Estes dispositivos estão presentes na vida da maioria das pessoas desde a vida intrauterina, durante o acompanhamento pré-natal, até a idade avançada. Estes equipamentos podem inclusive estar inseridos no corpo do paciente, seja temporariamente ou permanente. Podendo atuar como substitutos de membros ou outros órgãos do corpo; liberação controlada de fármacos, como terapia hormonal, bombas de insulina ou analgesia, tratamento de doenças, lesões ou deficiências. Considere agora imaginar que algum destes dispositivos possa ser alvo de um ataque cibernético.

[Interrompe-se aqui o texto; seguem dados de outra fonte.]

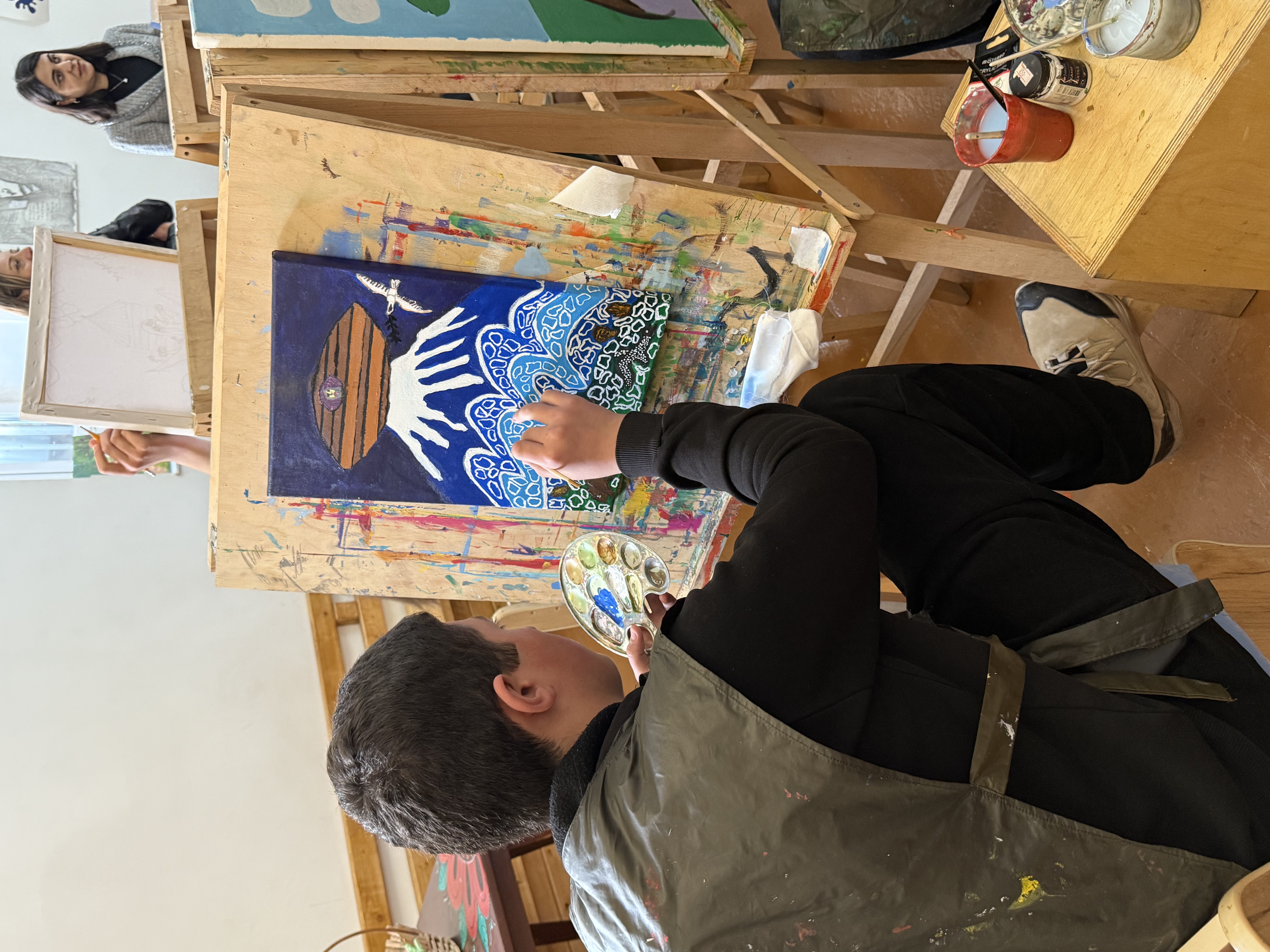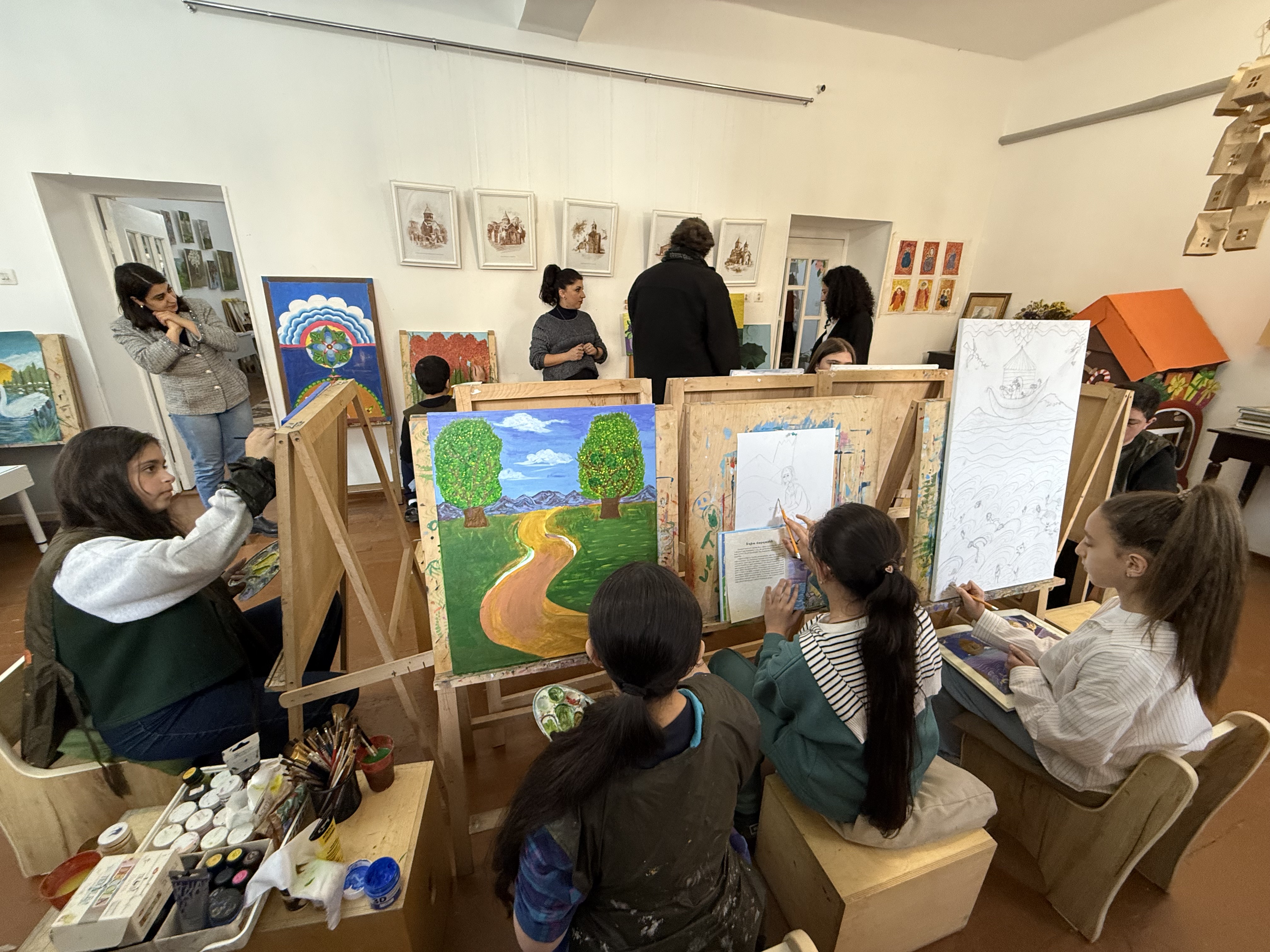 The Church also maintains a children's art center. Our visit there was truly a beautiful experience as we watched the after-school class of children paint, weave and create without inhibition. Our team member Gregory Beylerian who is creative director at Epostle shared thoughts on the drawings and designs by the young people. There we also had a chance to talk with the youth in an open-conversation about issues of faith and adolescence.
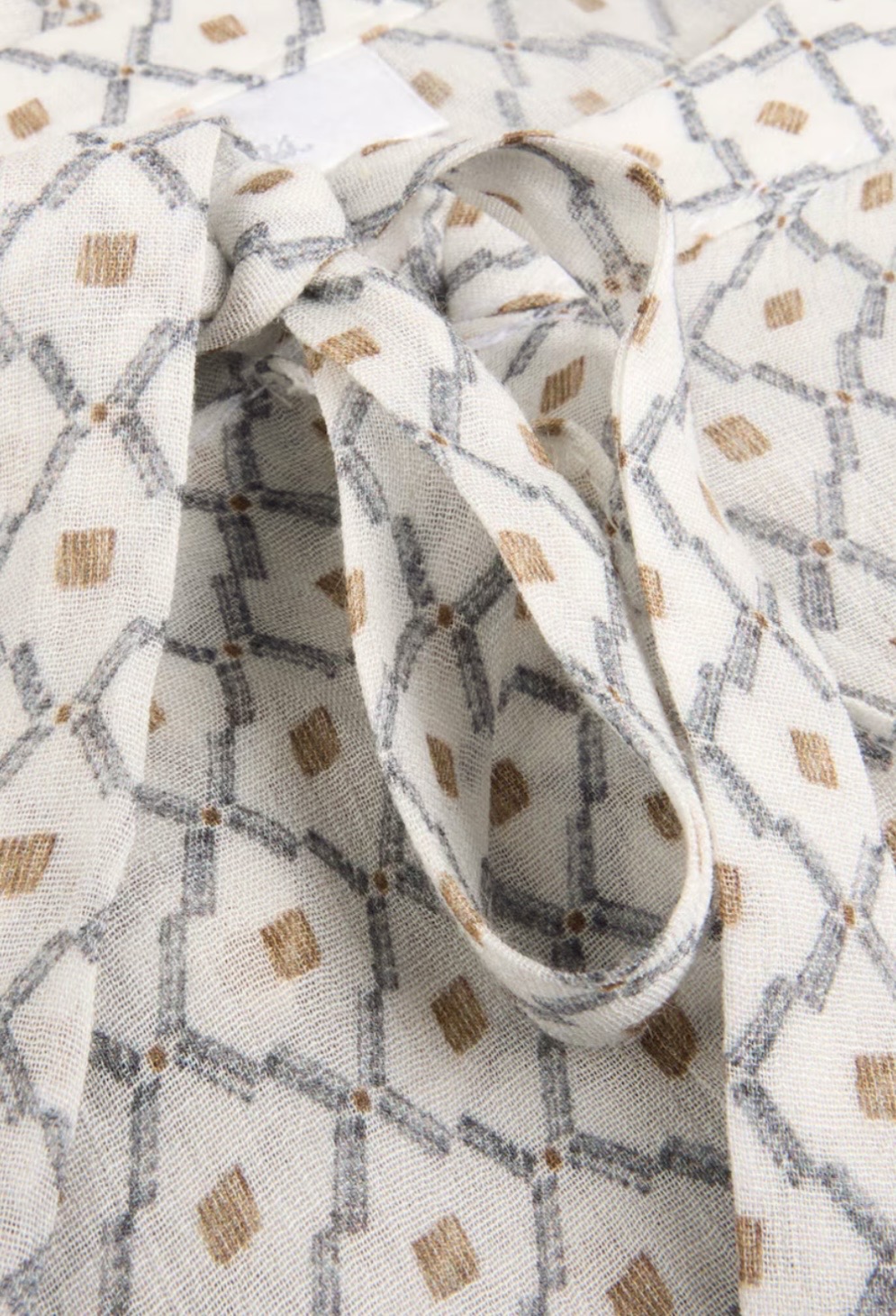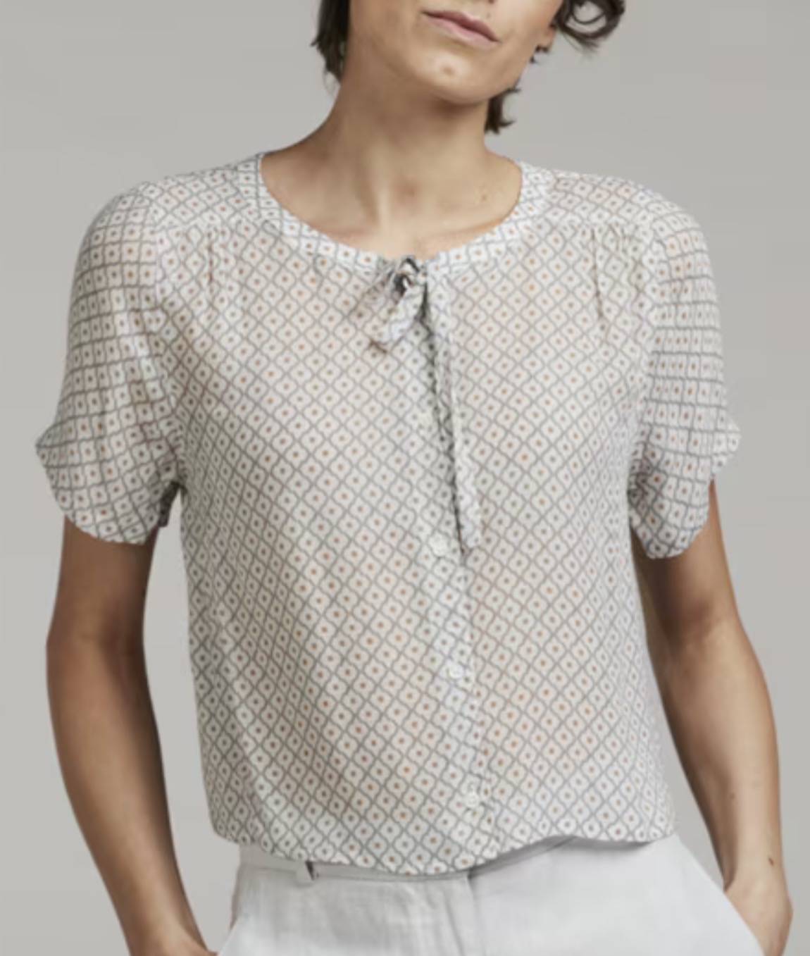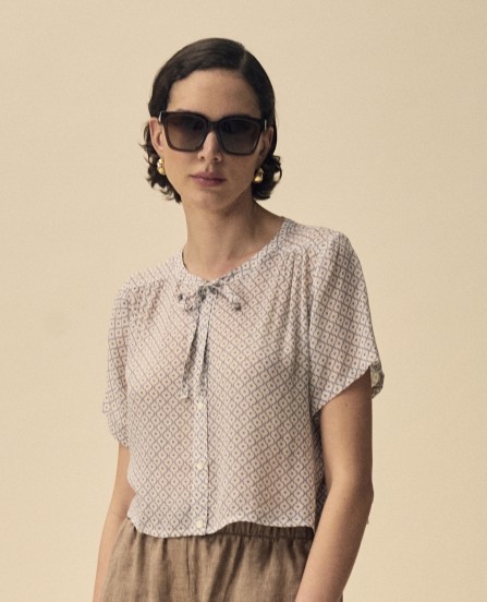 Offwhite blus med geometriskt mönster i ljusblått och ljusbrunt.

Acha improvável? Em julho de 2007 a Baxter Healthcare Corporation declarou, por duas vezes, ter identificado um comportamento anômalo em diversas de suas bombas de insulina inclusive utilizando o termo “buffer overflow” para descrever o ocorrido (FDA, 2007). Já em 2016 cerca de 10 Milhões de registros de saúde foram colocados à venda por cibercriminosos (Healthcare IT News, 2016), e semelhante vazamento teria ocorrido em terreno nacional em princípios de 2019, o vazamento de dados pessoais de 2,4 milhões de usuários do SUS – Sistema Único de Saúde (UOL, 2019).

Para demonstrar o quanto um único destes dispositivos pode colocar em risco cabe destacar que em 2017 foi anunciado um recall de quase 500.000 marca-passos devido a falhas desta natureza. Uma atualização de Firmware foi descrita em um comunicado oficial do FDA (THE GUARDIAN, 2017).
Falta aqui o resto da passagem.